→ **What the task requires**
Keep only the lines of the material below that contain the word "made". Copy those lines.

→ **Study material**
■ ■ ■ ■
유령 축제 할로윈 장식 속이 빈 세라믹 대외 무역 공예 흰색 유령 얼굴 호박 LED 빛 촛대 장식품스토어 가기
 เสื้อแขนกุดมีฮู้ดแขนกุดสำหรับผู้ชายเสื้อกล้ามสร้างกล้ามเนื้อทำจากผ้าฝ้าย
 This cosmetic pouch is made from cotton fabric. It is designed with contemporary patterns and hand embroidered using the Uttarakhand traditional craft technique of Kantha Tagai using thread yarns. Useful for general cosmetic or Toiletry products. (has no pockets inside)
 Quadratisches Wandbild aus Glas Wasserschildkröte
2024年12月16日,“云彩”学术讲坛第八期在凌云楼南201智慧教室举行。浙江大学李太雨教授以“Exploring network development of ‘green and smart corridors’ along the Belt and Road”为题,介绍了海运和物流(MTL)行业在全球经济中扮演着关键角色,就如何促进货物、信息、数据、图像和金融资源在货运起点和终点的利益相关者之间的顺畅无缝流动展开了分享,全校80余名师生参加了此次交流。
■ ■ ■ ■
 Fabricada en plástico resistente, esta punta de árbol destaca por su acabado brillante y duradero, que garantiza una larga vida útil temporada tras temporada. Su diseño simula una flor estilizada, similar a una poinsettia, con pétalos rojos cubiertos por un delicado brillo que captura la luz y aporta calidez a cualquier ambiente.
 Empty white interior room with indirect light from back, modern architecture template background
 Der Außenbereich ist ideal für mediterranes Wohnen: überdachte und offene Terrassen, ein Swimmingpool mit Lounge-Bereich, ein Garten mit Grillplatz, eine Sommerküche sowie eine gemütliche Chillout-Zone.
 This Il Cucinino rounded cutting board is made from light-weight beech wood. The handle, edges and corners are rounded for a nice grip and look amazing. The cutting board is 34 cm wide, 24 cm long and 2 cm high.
■ ■ ■ ■
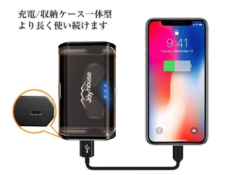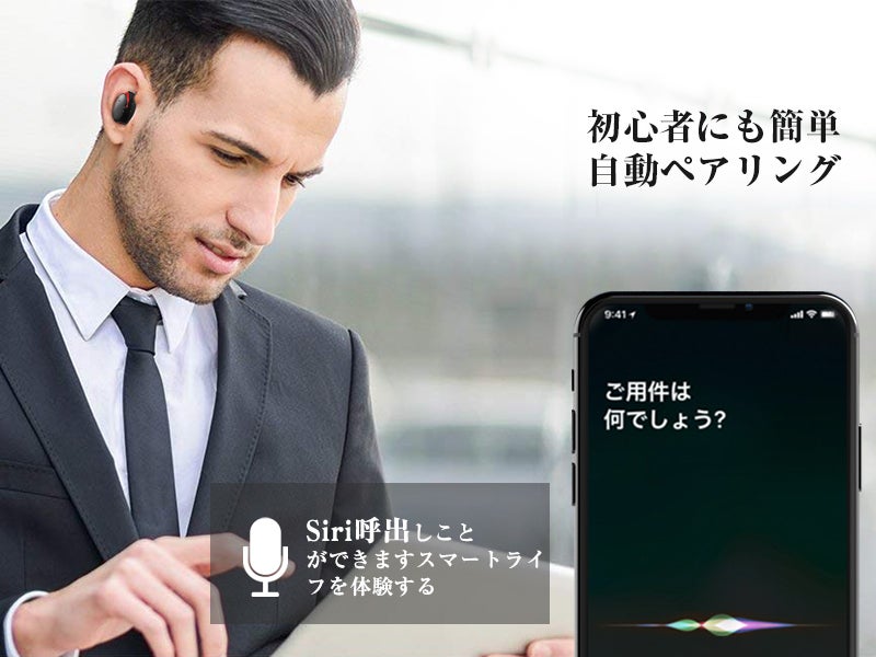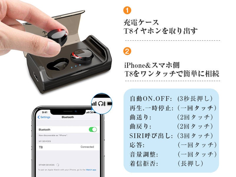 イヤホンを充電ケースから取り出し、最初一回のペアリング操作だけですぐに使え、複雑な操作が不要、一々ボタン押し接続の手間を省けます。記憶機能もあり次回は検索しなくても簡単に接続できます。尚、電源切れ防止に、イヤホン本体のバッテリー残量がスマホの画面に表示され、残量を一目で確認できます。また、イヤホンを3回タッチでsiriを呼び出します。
■ ■ ■ ■
→ **Written response**
 This cosmetic pouch is made from cotton fabric. It is designed with contemporary patterns and hand embroidered using the Uttarakhand traditional craft technique of Kantha Tagai using thread yarns. Useful for general cosmetic or Toiletry products. (has no pockets inside)
 This Il Cucinino rounded cutting board is made from light-weight beech wood. The handle, edges and corners are rounded for a nice grip and look amazing. The cutting board is 34 cm wide, 24 cm long and 2 cm high.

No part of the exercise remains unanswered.